I aggree that the stem needsto be shortened.Why newcranks andall that?If its not broke don't fix it! thou,I do want to go SS.These gears are pissing me off!!


----------



## E3DMP (May 30, 2006)

Here's mine...... :thumbsup: .........


----------



## trevorh (Jul 31, 2006)

Thats a pretty neat black and yellow theme goin on there.


----------



## E3DMP (May 30, 2006)

Thanks... 

My hand was sort of forced. I got a great deal on the wheels new, but then I thought the bike looked unfinished with the yellow graphic wheels, so I thought I'd blend it a little with grips and a seat........... My only other option was peeling the stickers off the wheels I guess


----------



## turboinferno83 (Sep 5, 2006)

well its been awhile.Since I started this whole thing yet I still havent posted my bike.Here is yet another nasty photo i took.Im running converted SS,26",cut down crowbars.I never put the chain guard on but wish I had as I keeep tearing myself up when I land on the teeth.....ok stay tuned as Im waiting to recover my pass for image hosting......ill post soon


----------



## turboinferno83 (Sep 5, 2006)

ok, well , looks like Im not gonna be able to post up right now .Maybe tomorrow.


----------



## mbnickel (Mar 3, 2007)

Here's my Addict on 24's:










I just put her together last night, and I'm working out the kinks right now. She's pieced together w/ a bunch of parts that I had on my Kona Scrap, but from the little 30 minute ride I was able to get in, she feels as good as a high-priced call girl...
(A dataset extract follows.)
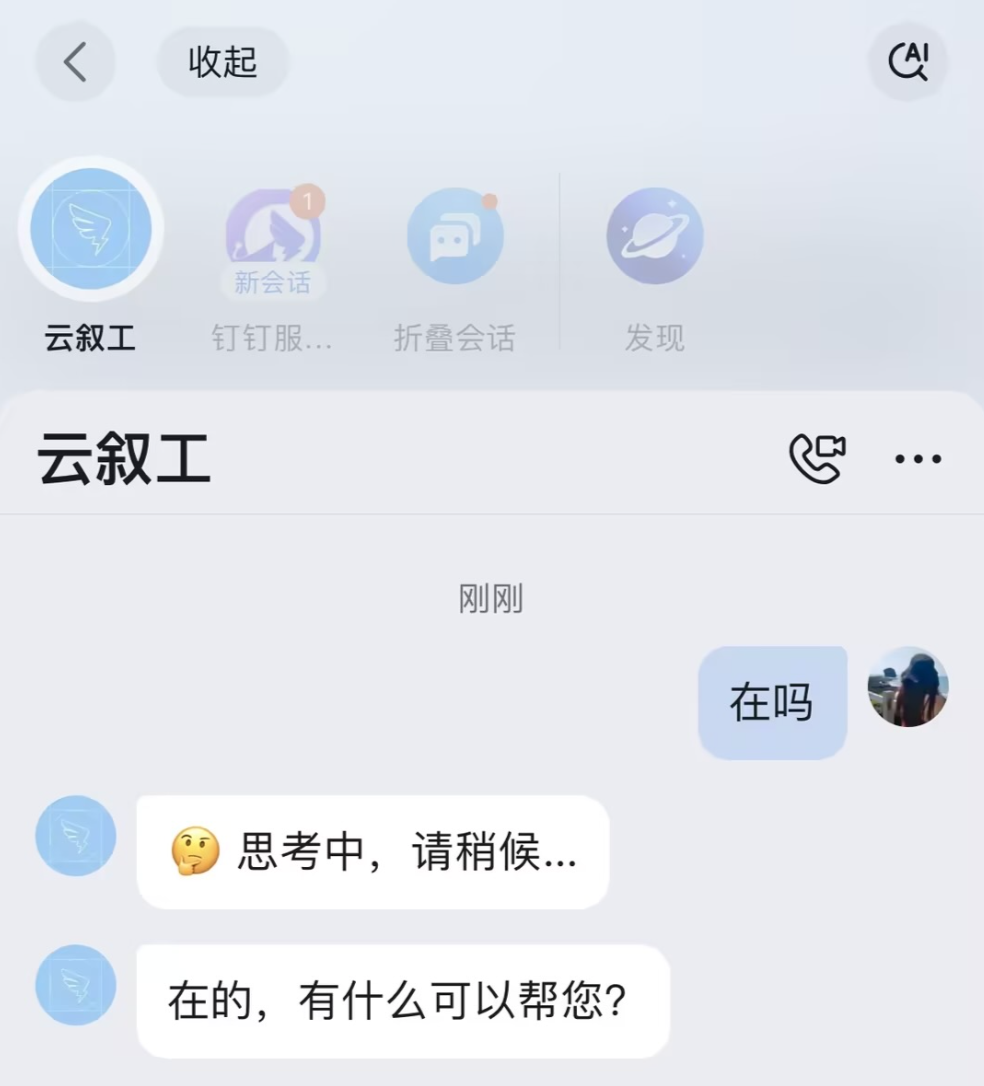 1、进入钉钉,搜索机器人名称,找到刚刚创建的机器人。

Can't wait for the rain to end and for it to warm up a bit around here.


----------



## Iggz (Nov 22, 2006)

XSL_WiLL said:


> Usually I run dual 24s.


Ew :bluefrown:


----------



## XSL_WiLL (Nov 2, 2004)

ilikemybike011 said:


> Ew :bluefrown:


Hey, why don't you look at the date that was posted?  The spec has changed quite a bit since... Also notice that I had said I am looking for 26s for it... That was in 2006...


----------



## dd13 (Oct 6, 2005)

turboinferno,the frame and most of the build are looking good but you need to get rid of the pedal refelctors asap.


----------



## fixtup (Jan 10, 2008)

*Here's another recent build*

This one was put together in January for a little local shredder. Pretty sick spec.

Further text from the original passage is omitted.